WORK ITEM
An exact retyping of all lines below is the answer; pictures do not belong in it.

AVAILABLE DATA
****************************************

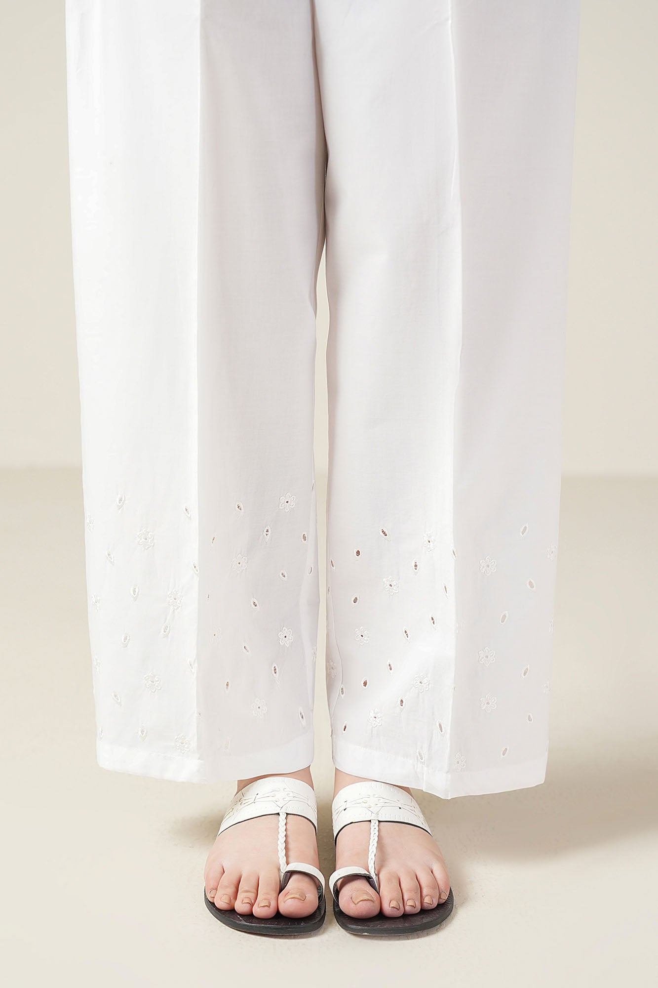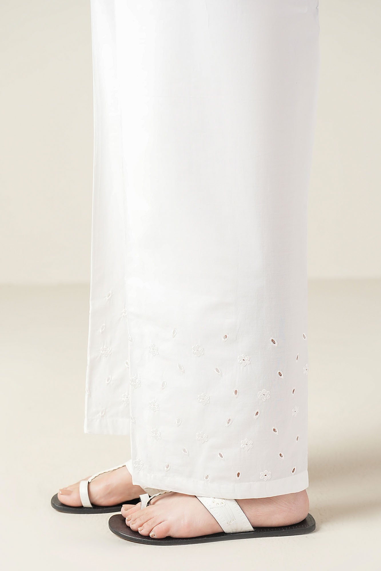 STRAIGHT PANTS CAMBRIC EMBROIDERED SPARY ON HEM
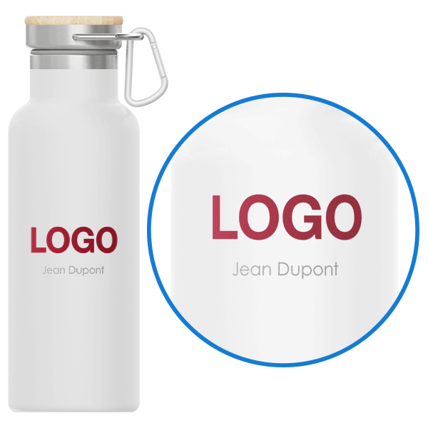 La gourde Traveler est dotée d'une technologie d'isolation à double paroi sous vide, conçue pour maintenir la température de votre boisson plus longtemps. Nous pouvons imprimer votre logo en sérigraphie ou en gravure laser sur la grande surface sur le corps du produit, et nous pouvons également imprimer le logo en sérigraphie sur l'élégant couvercle en bambou. La gourde Traveler dispose également d'une boucle de transport très pratique pour que vous puissiez l'emporter partout avec vous.
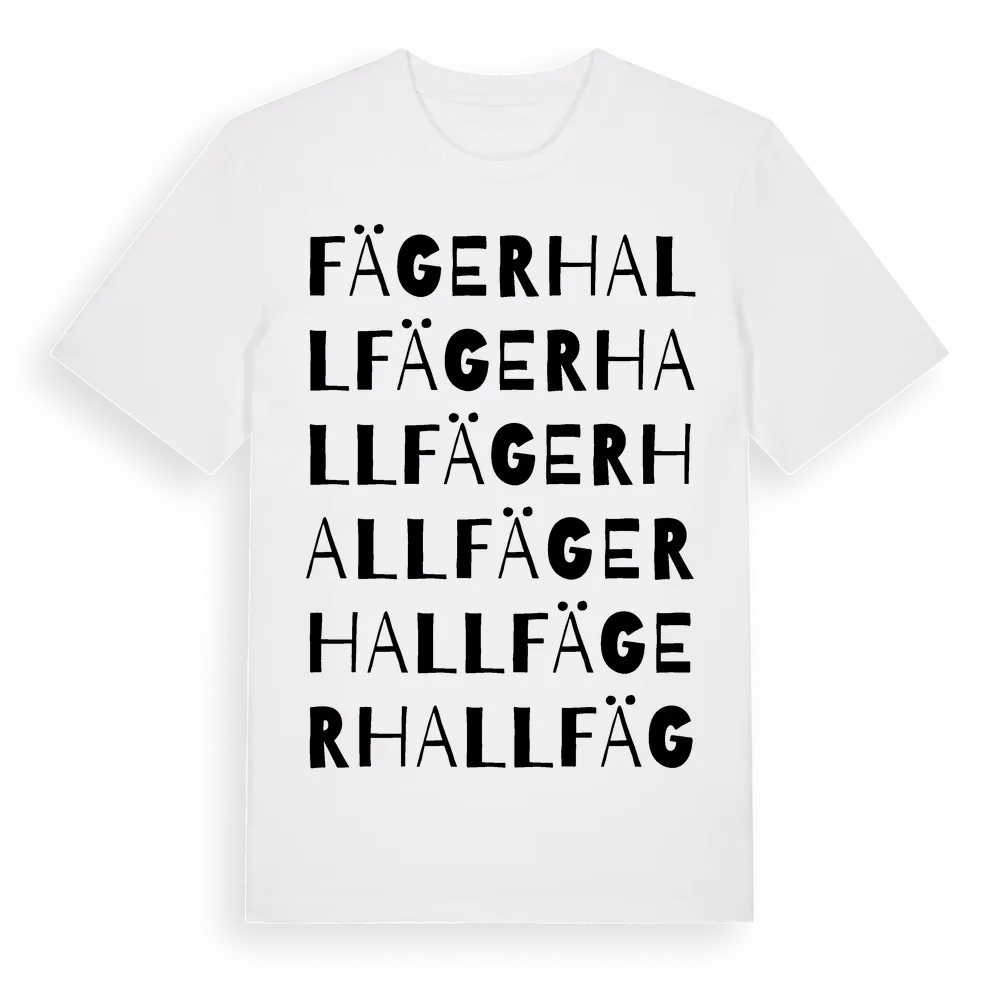 En ordlek byggd på Fägerhalls namn. Subtilt och klurig – ett motiv som bara de som verkligen känner platsen fullt ut förstår. Premium bomull, unisex – från Fägerhall i Jönköpings län.
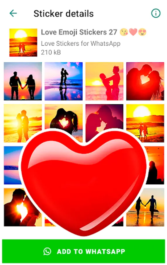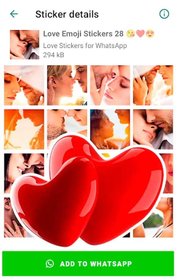 Make your chat most romantic and beautiful with new sticker packs: “Hot kiss”, “I love you”, “Love story”, “Romantic couple”, “Love quote”, “Hearts emoji”, “Sexy kissing”, “Broken heart” and other cute emoji in love stickers for WhatsApp.
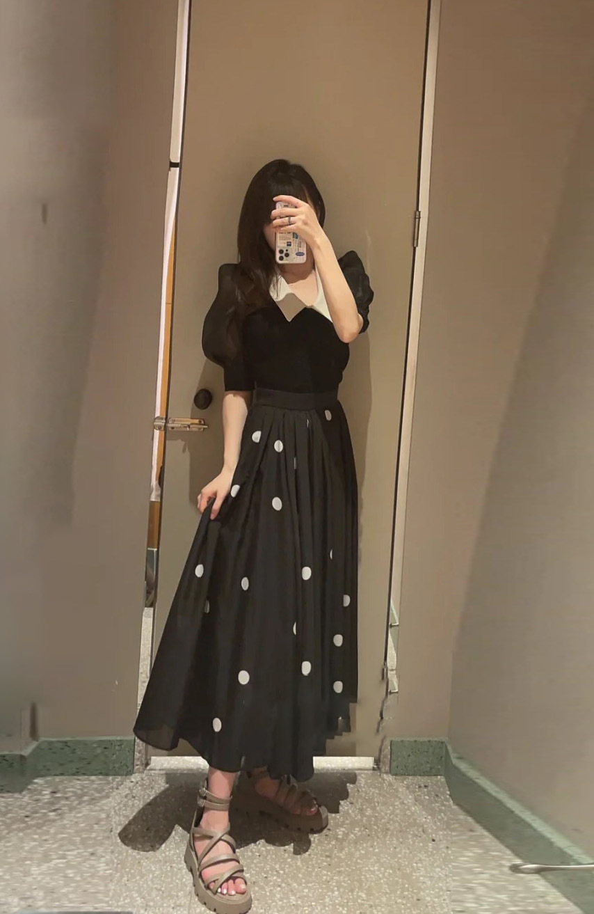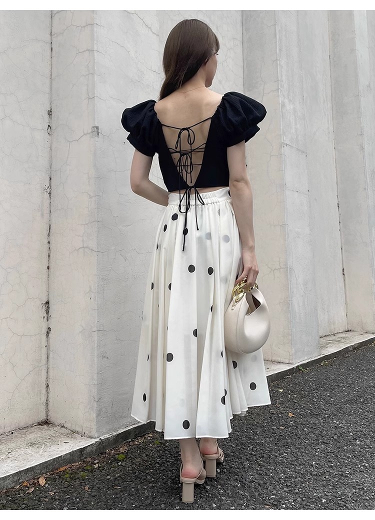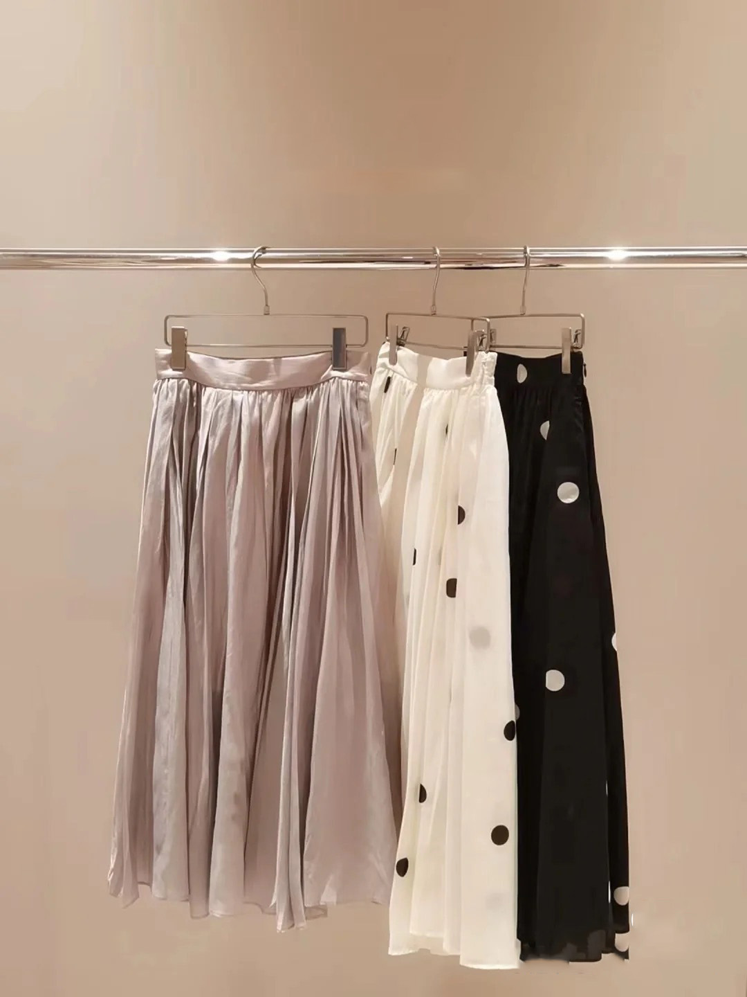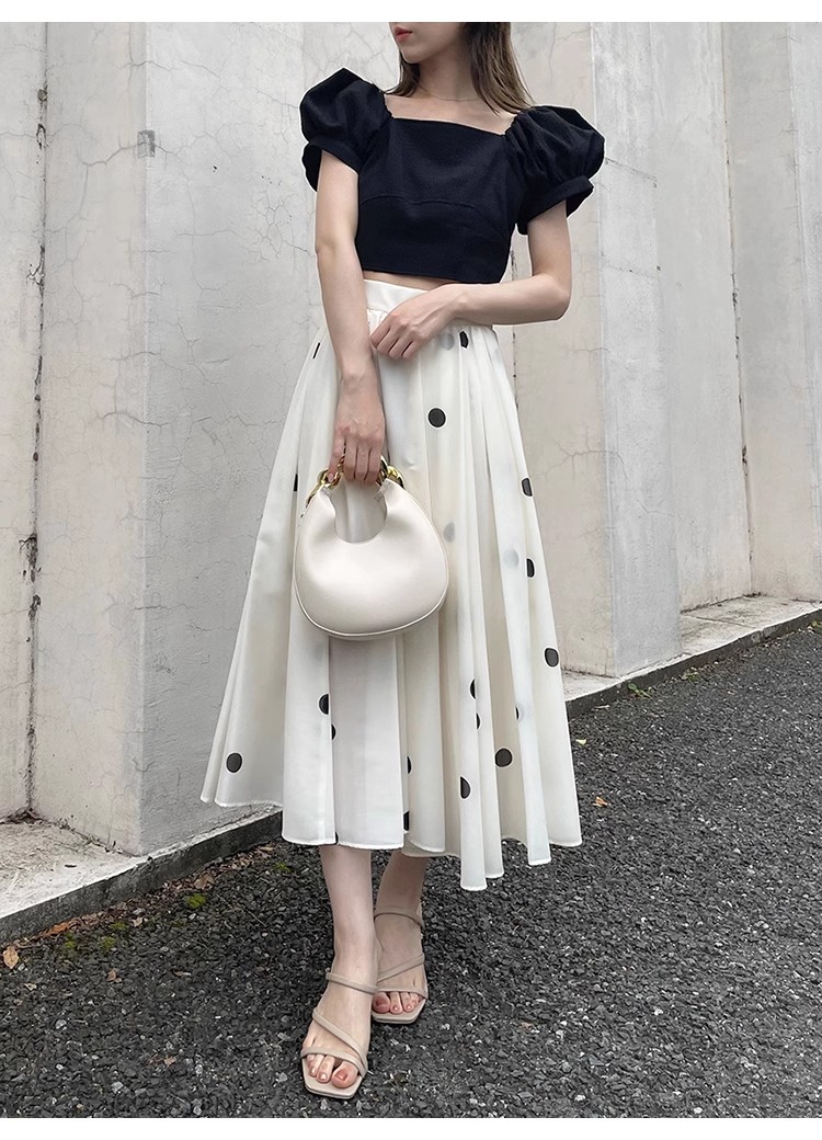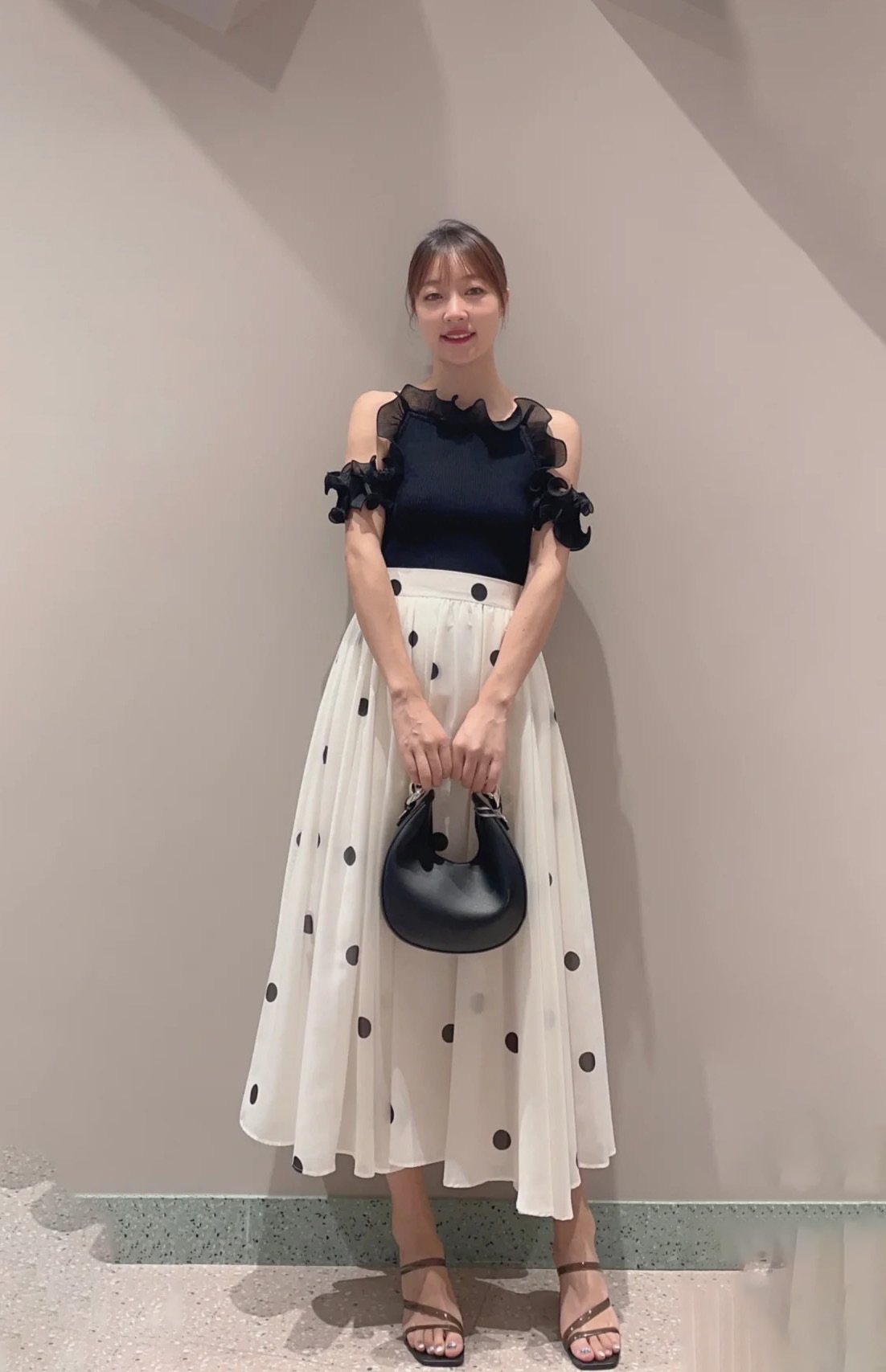分量感たっぷりに広がるフレアラインと軽やかな素材感で、シーズンムード高まるボリュームスカート。動作のたびにひらりと揺れ、女性らしさと華やかさを演出します。大きめのランダムドットが新鮮で、甘くなり過ぎないのも嬉しい。バックウエストにはゴムギャザーを効かせているので程よいフィット感があり、穿き心地も快適です。

****************************************

COMPLETED EXERCISE
 STRAIGHT PANTS CAMBRIC EMBROIDERED SPARY ON HEM
 La gourde Traveler est dotée d'une technologie d'isolation à double paroi sous vide, conçue pour maintenir la température de votre boisson plus longtemps. Nous pouvons imprimer votre logo en sérigraphie ou en gravure laser sur la grande surface sur le corps du produit, et nous pouvons également imprimer le logo en sérigraphie sur l'élégant couvercle en bambou. La gourde Traveler dispose également d'une boucle de transport très pratique pour que vous puissiez l'emporter partout avec vous.
 En ordlek byggd på Fägerhalls namn. Subtilt och klurig – ett motiv som bara de som verkligen känner platsen fullt ut förstår. Premium bomull, unisex – från Fägerhall i Jönköpings län.
 Make your chat most romantic and beautiful with new sticker packs: “Hot kiss”, “I love you”, “Love story”, “Romantic couple”, “Love quote”, “Hearts emoji”, “Sexy kissing”, “Broken heart” and other cute emoji in love stickers for WhatsApp.
分量感たっぷりに広がるフレアラインと軽やかな素材感で、シーズンムード高まるボリュームスカート。動作のたびにひらりと揺れ、女性らしさと華やかさを演出します。大きめのランダムドットが新鮮で、甘くなり過ぎないのも嬉しい。バックウエストにはゴムギャザーを効かせているので程よいフィット感があり、穿き心地も快適です。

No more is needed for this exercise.